WHAT YOU ARE ASKED TO DO — Keeping pictures out, repeat the lines of the listing below exactly, starting at its first line and finishing with the one that holds "Each of the".

THE INPUT —
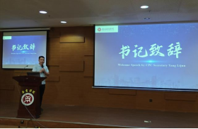 首先,太阳网集团tcy8722直属党支部书记杨李军发表致辞,他表示这次比赛极具鲜明的时代意义,旨在让大学生在了解“新质生产力”及“高质量发展”的内涵的同时提升大学生英语水平、拓宽国际视野,展示当代大学生的青春活力。
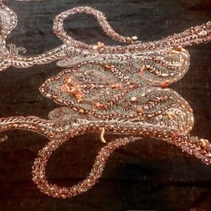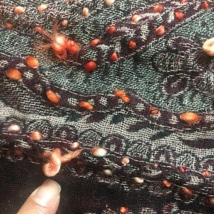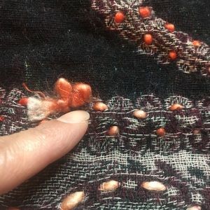 Beautiful free People wrap scarf, one size. I think it’s boiled wool? Definitely wool blend. Colors are fantastic on this. Good used condition. No stains/holes. Measurements are approximate laying flat 20”x63”
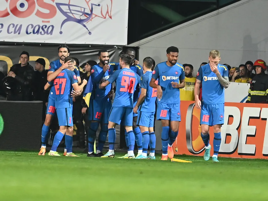 Bucurie a fotbalistilor stelisti dupa un gol marcat cu Andrea Compagno, Abdel Slem Billel Omrani si Sylas Laouari Edjouma Malcom in meciul de fotbal dintre Petrolul Ploiesti si FCSB, contand pentru Superliga Superbet, desfasurat pe Stadionul Ilie Oana din Ploiesti, duminica 9 octombrie 2022. © FOTO:Razvan Pasarica/SPORT PICTURES
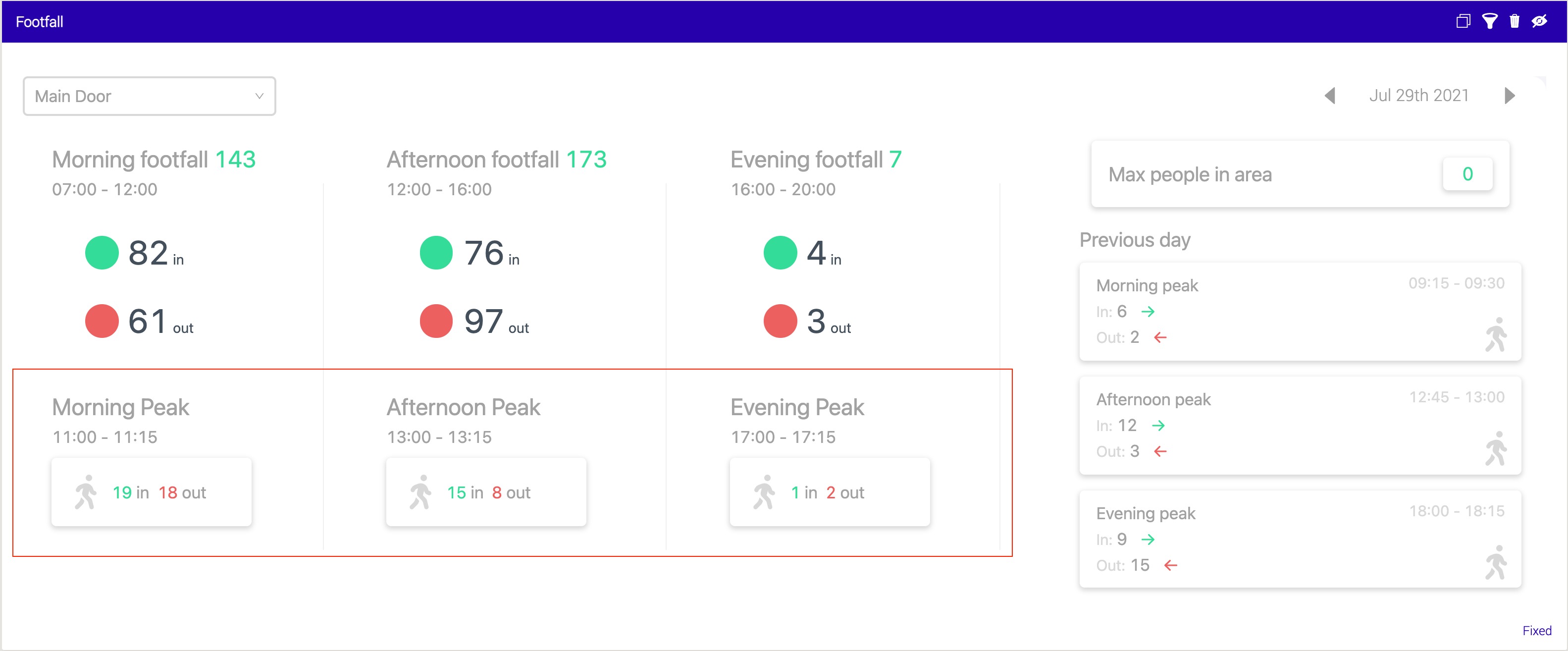 Each of the time boxes has an associated peak time. The peak time is the highest overall flow of people in and out of the area. For example, on the below panel, there were 37 entrances and exits during 11:00 and 11:15.
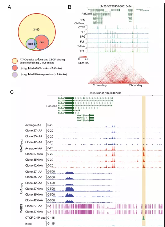 本文通過綜合分析建立了一個框架來識別假定的CTCF介導的絕緣子元件。將ATAC-seq結果中的3490個峰和有CTCF結合的峰取交集,共有716個增強的ATAC-seq峰。接下來,將它們與RNA-seq結果中上調(diào)的基因進行比對,判斷TSSs是否位于距離DARs區(qū)域2-50 kb的范圍。綜上所述,有67個基因符合這些標準(圖(Fig 4A)。這67個基因中有20個基因的附近有染色質loop環(huán)。例如,在BLCAP基因上游約7 kb處觀察到一個假定的抑制性CTCF結合峰,該峰位于Hi-C數(shù)據(jù)所示的染色質絕緣loop環(huán)中(圖4B )。在未經(jīng)過IAA處理的對照CTCFAID細胞中,CTCF與該motif結合導致染色質可及性受到抑制,這在ATAC-seq數(shù)據(jù)中信號的缺失很明顯。然而,在急性CTCF耗竭時,ATAC-seq峰值信號和BLCAP mRNA表達明顯增加(圖4C)。
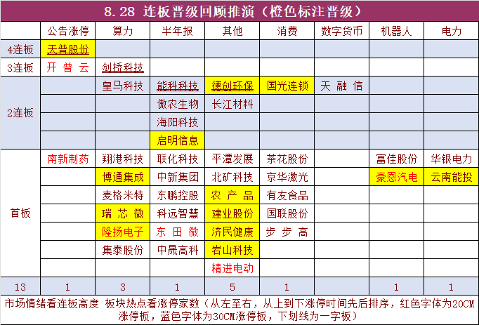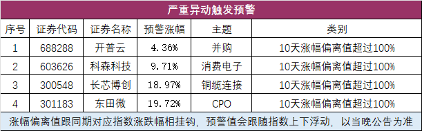1板:长飞光纤、华升股份、张江高科、江南新材、红 宝 丽、特发信息、沃格光电、国际复材、凯美特气、东山精密、万通发展、斯达半导、英 维 克、天孚通信、崇达技术、金安国纪、飞乐音响、鼎通科技、深南电路、宏和科技、奕东电子、洪田股份、通合科技、大港股份、领益智造、东材科技
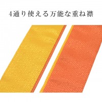 重ね衿 ラミエール 綸子 ペアカラー 着物 和装 お洒落小物 伊達衿 洗える ポリエステル 4通り使える No.28 紅柑子 雄黄 sin7597-bob09 着物 通販
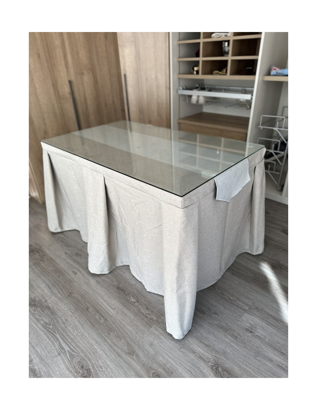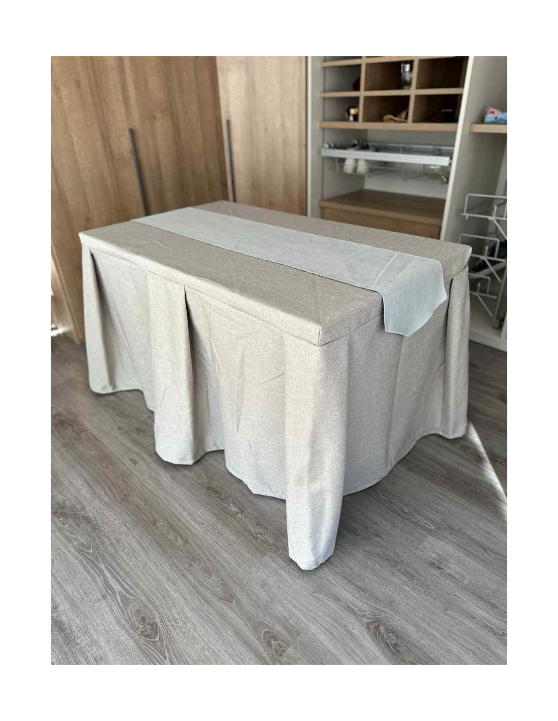 Ropa de mesa camilla antimanchas con relleno térmico y camino de mesa.

SOLUTION FOR THIS TASK —
 首先,太阳网集团tcy8722直属党支部书记杨李军发表致辞,他表示这次比赛极具鲜明的时代意义,旨在让大学生在了解“新质生产力”及“高质量发展”的内涵的同时提升大学生英语水平、拓宽国际视野,展示当代大学生的青春活力。
 Beautiful free People wrap scarf, one size. I think it’s boiled wool? Definitely wool blend. Colors are fantastic on this. Good used condition. No stains/holes. Measurements are approximate laying flat 20”x63”
 Bucurie a fotbalistilor stelisti dupa un gol marcat cu Andrea Compagno, Abdel Slem Billel Omrani si Sylas Laouari Edjouma Malcom in meciul de fotbal dintre Petrolul Ploiesti si FCSB, contand pentru Superliga Superbet, desfasurat pe Stadionul Ilie Oana din Ploiesti, duminica 9 octombrie 2022. © FOTO:Razvan Pasarica/SPORT PICTURES
 Each of the time boxes has an associated peak time. The peak time is the highest overall flow of people in and out of the area. For example, on the below panel, there were 37 entrances and exits during 11:00 and 11:15.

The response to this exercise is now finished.